At a glance: CVE-2026-40175 highlights how defects introduced in one component of a modern software stack may surface elsewhere through shared infrastructure. Axios versions prior to 1.15.0 can be exploited as part of a chained attack. Under the right conditions, this can escalate into network-level issues, including potential access to cloud metadata services. Upgrading Axios, tightening dependency hygiene, and restricting outbound access to internal endpoints significantly reduces the risk.
Threat summary
On April 13, 2026, multiple security research outlets drew attention to a proof-of-concept (POC) for a critical vulnerability in Axios versions prior to 1.15.0 tracked as CVE-2026-40175. The flaw carries a CVSS 3.1 score of 9.9 or 10.0, depending on the assessor.
Axios is a widely used JavaScript HTTP client commonly used in Node.js and browser‑based applications to communicate with APIs and internal services. It is distributed through the Node Package Manager (npm) ecosystem and is frequently included as a direct or transitive dependency in enterprise and cloud‑hosted applications.
The GitHub security advisory classifies CVE‑2026‑40175 as a Carriage Return Line Feed (CRLF) Injection (CWE-113) vulnerability. The advisory states that, within a broader “gadget” attack chain, prototype pollution originating in a third-party dependency can be escalated into outcomes such as remote code execution (RCE) or full cloud compromise. In this chain, a separate dependency introduces prototype pollution into JavaScript’s shared base object (Object.prototype). When Axios merges configuration objects that inherit these polluted properties, insufficient CRLF sanitization allows the injected values to flow into constructed HTTP headers.
Under certain conditions, Axios becomes the final escalation point, transforming a logic‑layer flaw into a network‑level issue such as request splitting or server‑side request forgery. The advisory includes a scenario involving access to the Amazon Web Services Instance Metadata Service version 2. In such environments, where outbound traffic can reach metadata endpoints, polluted header values may enable access to temporary credentials or management-plane interfaces.
Some independent researchers have questioned whether the advisory’s most severe scenarios are reproducible across all modern runtime and network configurations.
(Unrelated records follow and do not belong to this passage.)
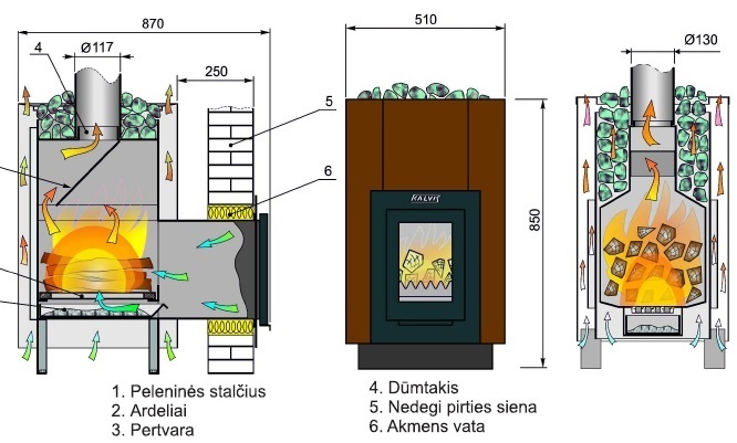 • Kūrenama iš priepirčio
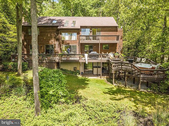 Oasis on the Magothy 331 Eagle Hill Slowly cruise the long and curved drive, shielded by the trees standing sentinel on this wooded property. As you unwind from the busyness of life the trees open up, and there standing in the clearing is your new home: a custom designed oasis that is in complete harmony with its serene surroundings. The home issues a warm welcome with a double front entry door. Open the door to the large 2 story foyer and be greeted by the Magothy River. The view of the river entices you as you step onto the back deck which extends the entire width of the home. Enjoy the beauty nature presents you. Have a seat and introduce yourself to the teeming wildlife of the shore. Step into the hot tub of a blissful summer evening and watch the sail boat races that course past. Let this moment infuse your being as you now explore the impeccable home. Designed by an architect, constructed by an esteemed local builder, and overseen by the homeowners, this home stands apart. The floor plan is a harmonious blend of open space and intimate formal rooms. The well designed kitchen, with glass sliders to the deck, lends itself to entertaining. Granite counters top the beautiful all wood cabinets. A granite Blanco sink with its touch-less faucet rests beneath a window with river views. The kitchen has sight lines to the warm and inviting family room which boasts its own glass sliders to the deck and a brick fireplace whose colors mimic those of the deck. But the feature that draws the eye is centrally placed solarium which allows sunlight to stream into the space and serves as a passive solar heating system. Ascend the custom Mission inspired wood stairs to explore the large master suite. Overlooking the river, this room is a private retreat with a balcony, master bath with updated lighting and vanity, large walk-in closet, and a bonus space currently used as a studio. Descend the stairs to the large finished basement. With its bar of handmade tiles from Mexico, gas stove, and sliders to a ground level brick patio the basement is ideal for a night of movie watching or hosting large gatherings. This home is truly an oasis on the Magothy.
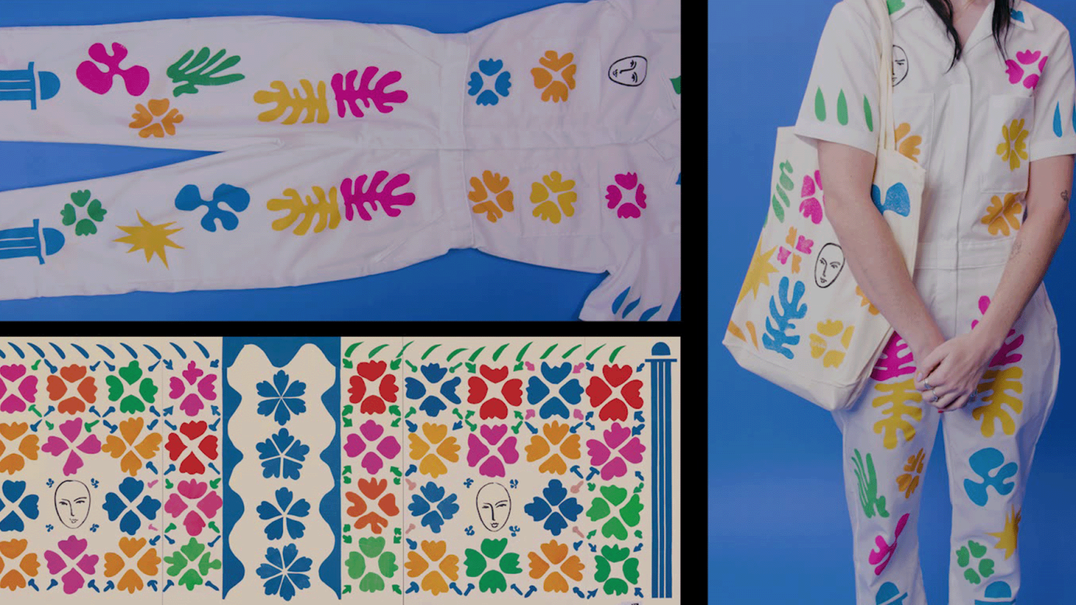 Henri Matisse’s works offer more than meets the eye. His daring body of work spanned more than five decades and made him a leading figure in modern art. As his work grew greater in scale and ambition towards the end of his life, Matisse embraced his cutout technique, which he first explored in designing costumes and scenery for the Ballets Russes in 1919. By cutting sheets of paper painted with meticulously mixed hues, Matisse “painted with scissors,” which allowed him to continue creating art despite his failing health once he reached his early 70s. Watch and learn how to make fashion stamps on fabric inspired by Matisse’s 1953 work Large Decoration with Masks.
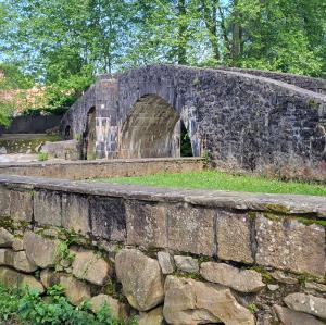 Ce pont sur la rivière Nivelle ne date pas de l'époque romaine mais du 15e siècle. La pierre sculptée sur la pile centrale, visible uniquement à marée basse, sert de repère pour connaître la hauteur de l'eau. Après les inondations de 1983 qui l'avaient partiellement détruit, ce pont fut reconstruit à l'identique.
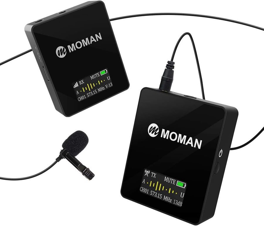 Moman Lavalier Funkmikrofon, Kabellos Ansteckmikrofon System, Wireless Microphone Mics, UHF 36-Kanäl

Their analysis suggests that the demonstrated behavior more closely aligns with malformed request construction rather than classic request smuggling. These critiques narrow the scope of the modeled impact but do not eliminate the underlying risk created by insufficient outbound request validation.
Analysis
When “remote code execution” is mentioned in the context of CVE‑2026‑40175, it doesn't mean Axios contains an RCE bug. Axios cannot run attacker‑controlled code, and nothing in the vulnerability enables code execution inside Axios or within the application process.
Instead, references to “RCE” describe downstream consequences that may occur after an attacker uses the Axios gadget to reach cloud metadata services.
This vulnerability represents a chained risk that emerges from interactions between multiple dependencies rather than a single faulty code path. Its relevance depends on how Axios is deployed, how dependencies are managed, and what outbound network access is permitted from affected workloads.
Regardless of the reproducibility debate, Axios version 1.15.0 introduces defensive hardening that removes an entire class of header‑injection risk by enforcing stricter header validation. Upgrading to version 1.15.0 or later, as identified in the GitHub advisory, is the first hardening step in affected environments.
Validate dependency chains for libraries known to introduce prototype‑pollution risks, particularly those involved in parsing, merging, or object manipulation. Ensure any such dependencies are updated or replaced to prevent polluted properties from reaching Axios during request construction.
Monitoring unexpected header patterns and anomalous outbound requests may help detect misuse in affected environments. Organizations can further reduce exposure by enforcing egress controls for cloud workloads, limiting access to metadata endpoints, and maintaining continuous dependency scanning across JavaScript ecosystems.
These measures provide defense‑in‑depth regardless of differing interpretations of the advisory’s impact narrative.